Novel agents may positively impact chemotherapy and transplantation in subsets of diffuse large B-cell lymphoma.

Overview

Introduction: Molecular and biologic heterogeneity in diffuse large B-cell lymphoma (DLBCL) has resulted in a broad range of clinical outcomes. While standard frontline chemoimmunotherapy cures majority of patients with DLBCL, treatment failure in certain DLBCL subsets remains high. Prognosis in these patients is dismal. Therefore, optimization of front-line therapy, as well as development of more effective salvage treatments, is an unmet medical need.

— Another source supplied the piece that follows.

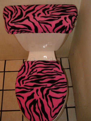 -. Title : HOT PINK AND BLACK ZEBRA STRIPES FLEECE TOILET SEAT COVER SET
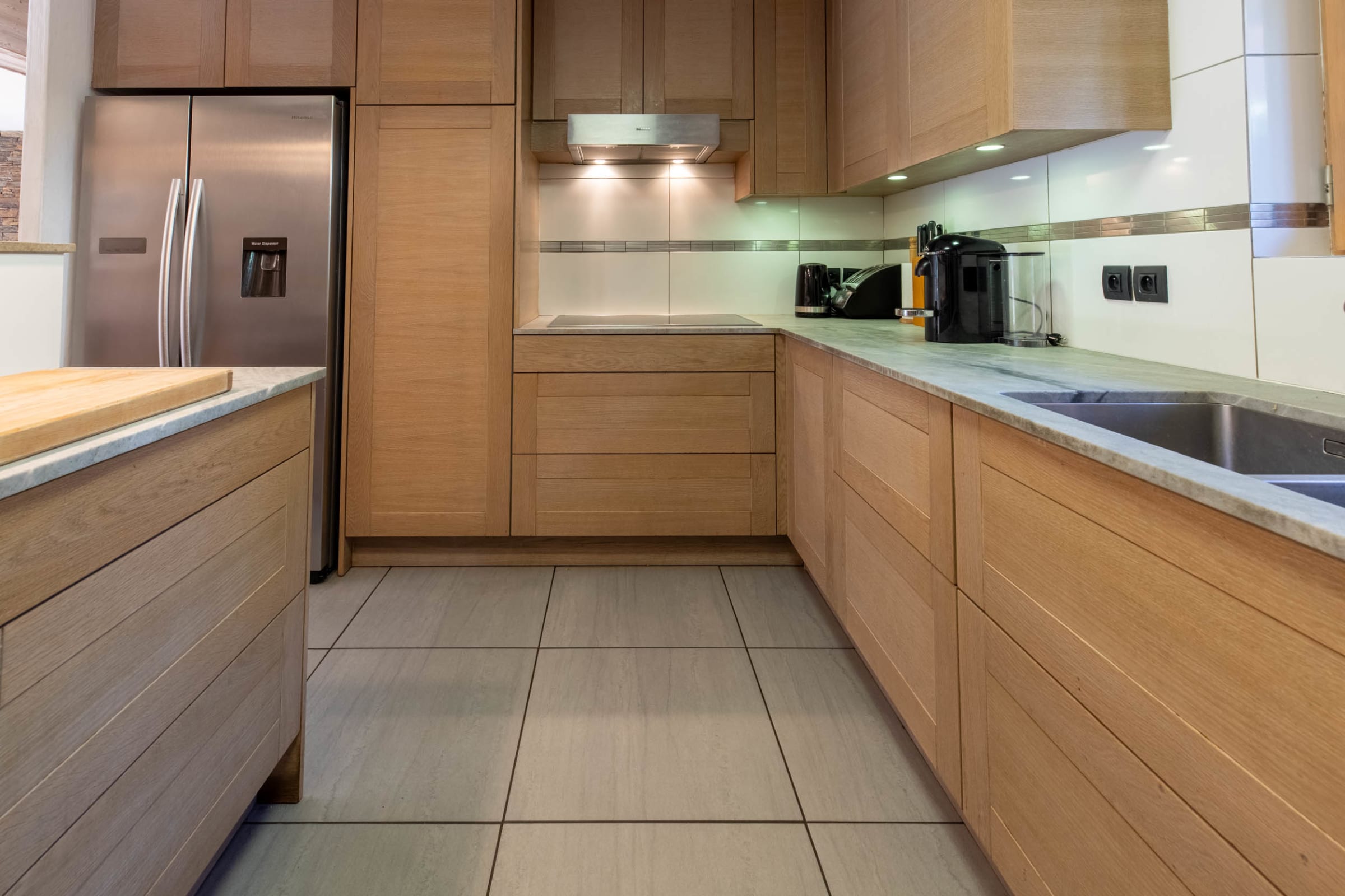 La cuisine moderne est dotée d'une plaque vitrocéramique, d'une machine à café Nespresso, d'un toaster, d'une bouilloire, d'une cave à vin, ainsi que d'un four traditionnel, d'un micro-ondes, et d'un lave-vaisselle. Pour les amateurs de cuisine, des équipements supplémentaires comme une machine à fondue, un slow cooker et un mixeur sont également disponibles.

Areas covered: This article reviews the treatment advances in DLBCL with novel and targeted agents that are aimed to improve efficacy especially in those with high-risk features. Expert opinion: Incorporation of novel therapies such as immunomodulatory agents and Bruton tyrosine kinase (BTK) inhibitors in the treatment of higher-risk DLBCL subgroups have shown to be effective; however, confirmatory data are required to change the standard of care. While autologous chimeric antigen receptor (CAR) T-cell therapy targeting CD19-positive B-cells have revolutionized the outcomes of refractory DLBCL, the complexity of its production, post-infusion care, and the associated cost, currently has limited its use to select academic centers in the US. A multitude of other targeted agents and combinations as well as cellular and immunotherapeutic agents are under investigation.